Dean Burrows

Personal information
- Full name: Dean Andrew Burrows
- Born: 20 June 1966 (age 60) Peterlee, County Durham, England
- Batting: Right-handed
- Bowling: Right-arm medium-fast

Domestic team information
- 1984–1987: Gloucestershire
- 1984–1987: Durham

Career statistics
| Competition | First-class | List A |
| Matches | 2 | 2 |
| Runs scored | 0 | 1 |
| Batting average | 0.00 | – |
| 100s/50s | –/– | –/– |
| Top score | 0 | 1* |
| Balls bowled | 144 | 78 |
| Wickets | – | 2 |
| Bowling average | – | 35.00 |
| 5 wickets in innings | – | – |
| 10 wickets in match | – | – |
| Best bowling | – | 1/32 |
| Catches/stumpings | –/– | 2/– |
- Source: Cricinfo, 30 July 2011

= Dean Burrows =

English cricketer

Dean Andrew Burrows (born 20 June 1966) is a former English cricketer. Burrows was a right-handed batsman who bowled right-arm medium-fast. He was born in Peterlee, County Durham.

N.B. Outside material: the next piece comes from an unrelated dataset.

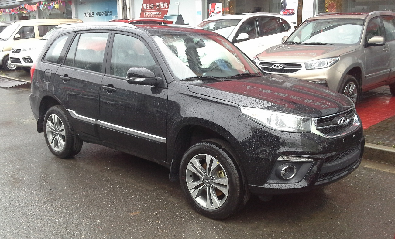 Chery Tiggo 3 facelift photographed in Shanghai, China.

Burrows made his debut in county cricket for Durham in the 1984 Minor Counties Championship against Bedfordshire. He would go on to play Minor counties cricket on an infrequent basis for Durham until 1987, making a total of 5 Minor Counties Championship appearances and a single MCCA Knockout Trophy appearance. In the same season that he made his debut for Durham in, he also made his first-class debut for Gloucestershire against Essex in the 1984 County Championship. He made a further first-class appearance, which came in 1987 against Oxford University in 1990. His first-class appearances were without success, with Burrows not scoring any runs and bowling a total of 24 wicket-less overs. He also played the same number of List A matches for the county, against Essex in the 1984 John Player Special League and Worcestershire in the 1986 John Player Special League. He took 2 wickets in these matches at an average of 35.00, with best figures of 1/32. Having spent the majority of his time at Gloucestershire playing in the Second XI, Burrows left the county at the end of the 1987 season.